The Company may require additional financing or seek to raise additional funds through bank facilities, debt or equity offerings, or other sources of capital to meet liquidity and capital requirements beyond June 30, 2005. Additional funds may not be available when needed or on terms acceptable to the Company, which could have a material adverse effect on the Company’s business, financial condition, results of operations, and cash flows.

Note 2 – FDA Order on Human Tissue Preservation and Other FDA Correspondence and Notices

FDA Order
On August 13, 2002 the Company received an order from the Atlanta district office of the FDA regarding the non-valved cardiac, vascular, and orthopaedic tissues processed by the Company since October 3, 2001 (the “FDA Order”). The FDA Order followed an April 2002 FDA Form 483 Notice of Observations (“April 2002 483”) and an FDA Warning Letter dated June 17, 2002, (“Warning Letter”). Pursuant to the FDA Order, the Company placed non-valved cardiac, vascular, and orthopaedic tissue subject to the FDA Order (i.e. processed since October 3, 2001) on quality assurance quarantine and recalled the portion of those tissues that had been distributed but not implanted. In addition, the Company ceased processing non-valved cardiac, vascular, and orthopaedic tissues.

5


On September 5, 2002 the Company entered into an agreement with the FDA (the “Agreement”) that supplemented the FDA Order and allowed non-valved cardiac and vascular tissues subject to the recall (processed between October 3, 2001 and September 5, 2002) to be released for distribution after the Company had completed steps to ensure that the tissue was used for approved purposes and that patients were notified of risks associated with tissue use. The Agreement had a renewable 45-business day term and the final renewal expired on September 5, 2003. The Company is no longer shipping tissue subject to the recall (processed between October 3, 2001 and September 5, 2002). A renewal of the Agreement that expired on September 5, 2003 was not needed in order for the Company to continue to distribute non-valved cardiovascular, vascular, and orthopaedic tissues processed after September 5, 2002.

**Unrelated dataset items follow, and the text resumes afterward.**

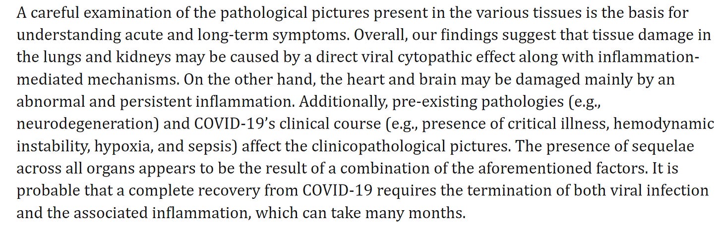 - ‘In the heart, SARS-CoV-2 positivity was found only in the endocardium and endothelium of a single case. Even though many have found the presence of ACE2 and TMPRSS2 to be consistent in the heart (especially in people with heart comorbidities), our results suggest that myocardial damage is not imputable to direct viral assault. The virus probably penetrates the heart, but the lack of cytopathic findings and the viral antigen negativity, observed by us as well as by others, indicates that the virus does not replicate within the heart, despite the presence of ACE-2 receptors that are, however, mainly expressed by endothelial cells.’
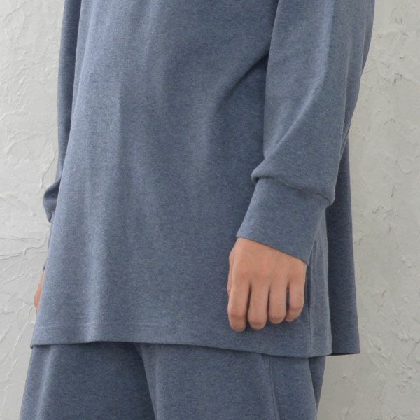 6. メンズ パジャマ 長袖 かぶり Vネック オーガニックコットン100%中厚スムースニット 0912
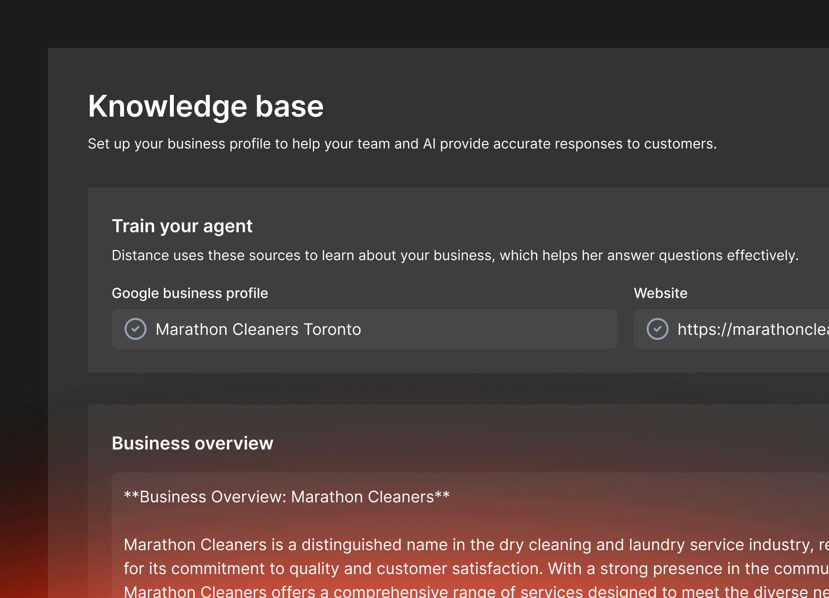 Add your services, pricing, and answers to common questions. Distance uses this to answer calls and messages the way you would.
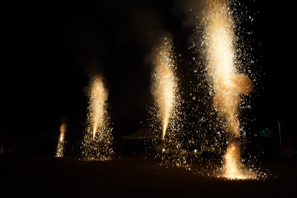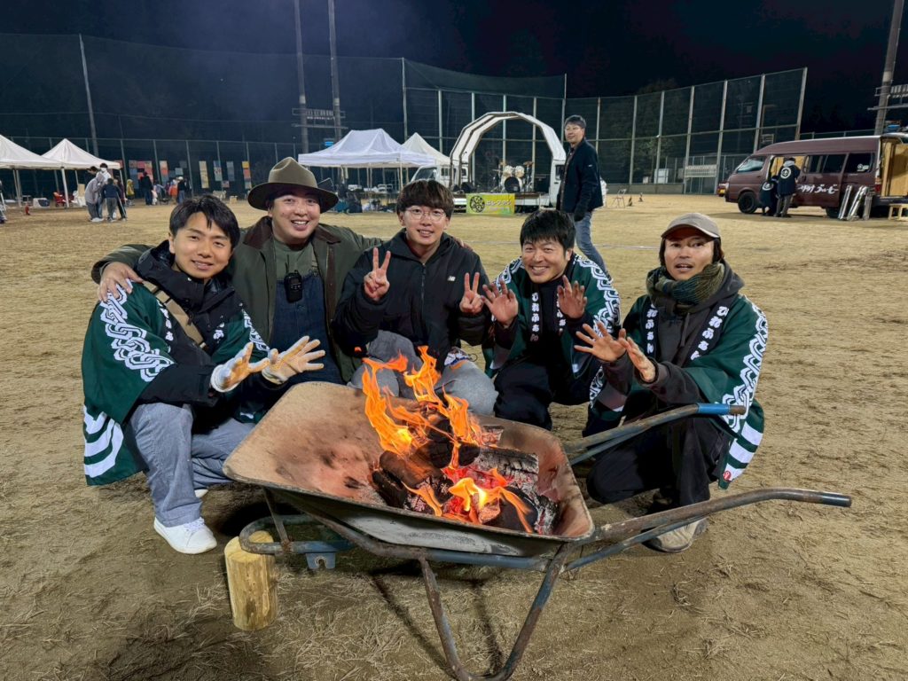 フェス当日、焚き火のそばで
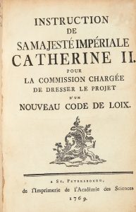 CATHERINE II DE RUSSIE. Instruction de S.M. impériale Catherine II pour la Commission chargée de dresser le projet d'un nouveau code de Loix. Saint-Pétersbourg, Imprimerie de l'Académie des Sciences, 1769. In-8 de (1) f. de titre, 172 pp., (2)...

In addition, pursuant to the Agreement, the Company agreed to perform additional procedures in the processing of non-valved cardiac and vascular tissues and subsequently resumed processing these tissues. The Company also agreed to establish a corrective action plan within 30 days from September 5, 2002 with steps to validate processing procedures. The corrective action plan was submitted on October 5, 2002.

Accounting Treatment
As a result of the FDA Order, the Company evaluated multiple factors in determining the magnitude of impairment to deferred preservation costs, including the impact of the FDA Order, the possibility of continuing action by the FDA or other U.S. and foreign government agencies, and the possibility of unfavorable actions by physicians, customers, procurement organizations, and others. As a result of its evaluation in the quarter ended June 30, 2002, the Company recorded a reduction to pretax income of $12.6 million comprised of a net $8.9 million increase to cost of human tissue preservation services, a $2.4 million reduction to revenues (and accounts receivable), and a $1.3 million accrual recorded in general, administrative, and marketing expenses. In the quarter ended September 30, 2002 the Company recorded a reduction to pretax income of $24.6 million comprised of a net $22.2 million increase to cost of human tissue preservation services, a $1.4 million write-down of goodwill, and a $1.0 million reduction to revenues (and accounts receivable).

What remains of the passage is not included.